Problem 1 :
The first term of an arithmetic progression is 6 and the common difference is 5. Find the arithmetic progression its general term.
Problem 2 :
Find the common difference and 15th term of an arithmetic progression :
125, 120, 115, 110,................
Problem 3 :
Which term of the arithmetic progression 24, 23¼, 22½, 21¾, ……… is 3?
Problem 4 :
Find the 12th term of the arithmetic progression ;
√2, 3√2, 5√2,..................
Problem 5 :
Find the 17th term of the arithmetic progression :
4, 9, 14,.................
Problem 6 :
How many terms are in the following arithmetic sequence ?
7, 11, 15,……………483
Problem 7 :
How many terms are there in the following Arithmetic progression ?
-16, -12, -8,……………16
Problem 8 :
The 10th and 18th terms of an arithmetic sequence are 41 and 73 respectively. Find the 27th term
Problem 9 :
Find n so that the nth terms of the following two arithmetic progressions are equal.

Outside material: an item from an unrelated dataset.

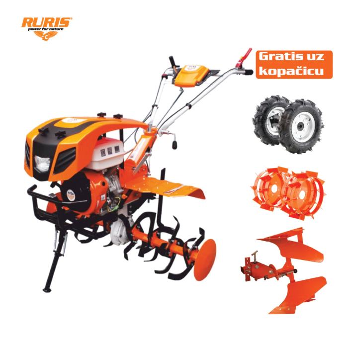 RURIS kopačica 913ACC (freza) je idealna za gospodarstva koja moraju obrađivati površine iznad 5000 četvornih metara. Opremljena s motorom od 13 KS i noževima za kopanje s podesivom širinom između 750 mm i 1100 mm, RURIS 913ACC lako može obraditi bilo koju vrstu tla bez obzira na tvrdoću, maksimalne dubine kopanja 30 cm s učinkovitosti preko 1200 m2 / h. Snažni motor i mjenjač 2 + 1 te zupčasti prijenos u uljnoj kupki čine RURIS kopačica 913ACC savršenom frezom koja je u stanju kada se na nju instaliraju transportni gumeni kotači lako vući teret od 1000 kg. Paljenje je manulano sa užetom. Pribor koji se može montirati na RURIS 913ACC su: plug, rovokopač, kultivator, tegljač-prikolica. Sve motokopačice imaju karakteristike prijenosnog sustava, vuče (pogonska osovina) na koju su pričvršćeni vijcima transportni kotači ili alati za kopanje (ovisno o njihovoj uporabi). Sve freze su prvenstveno namijenjene za kopanje uz pomoć noževa koji su pričvršćeni vijcima na jedinstvenu pogonsku osovinu. Prijenos, vuča (pogonska osovina) i sam stroj čine nerazdvojni sklop . Na ovaj stroj ne možete montirati alate kojima se može upravljati podizanjem, spuštanjem, pokretanjem ili pogonom pomoću sile snage kao u slučaju strojeva na kardansko vratilo. Na bilo koju vrstu Rurisovih i DAC motokopačica možete montirati dodatke koji rade isključivo vučom. Pakiranje uz košačicu sadrži frezu,gumene I metalne kotače te plug okretač. Sve Rurisove kopačice dolaze bez ulja u motoru I mjenjaču te vam preporučujemo korištenje isključivo originalnih ulja iz bogate palate Rurisovih proizvoda kako bi vašem stroju osigurali najbolju kvalitetu i dugovječnost motora. Svi modeli Rurisovih kopačica pakirani su u kartonsku ambalažu sa metalnim okvirom te ih je potrebno sastaviti nakon raspakiravanja. Savjetujemo da sastavljanje stroja obavite u ovlaštenom servisu ili od strane školovanih mehaničara kako bi izbjegli gubitak jamstva. U slučaju da kopačicu želite sastaviti sami pažljivo proučite upute ili pogledajte video sastavljanja na YouTube kanalu unosom modela kopačice. Snaga: 13 KS

1, 7, 13, 19,................
and
100, 95, 90,................
Problem 10 :
How many two digit numbers are divisible by 13?
Problem 1 :
The first term of an arithmetic progression is 6 and the common difference is 5. Find the arithmetic progression its general term.
Solution :
a1 = 6
d = 5
Arithmetic Progression :
a1, (a1 + d), (a1 + 2d), (a1 + 3d),....................
Substitute 6 for a1 and 5 for d.
6, (6 + 5), (6 + 2 ⋅ 5), (6 + 3 ⋅ 5),....................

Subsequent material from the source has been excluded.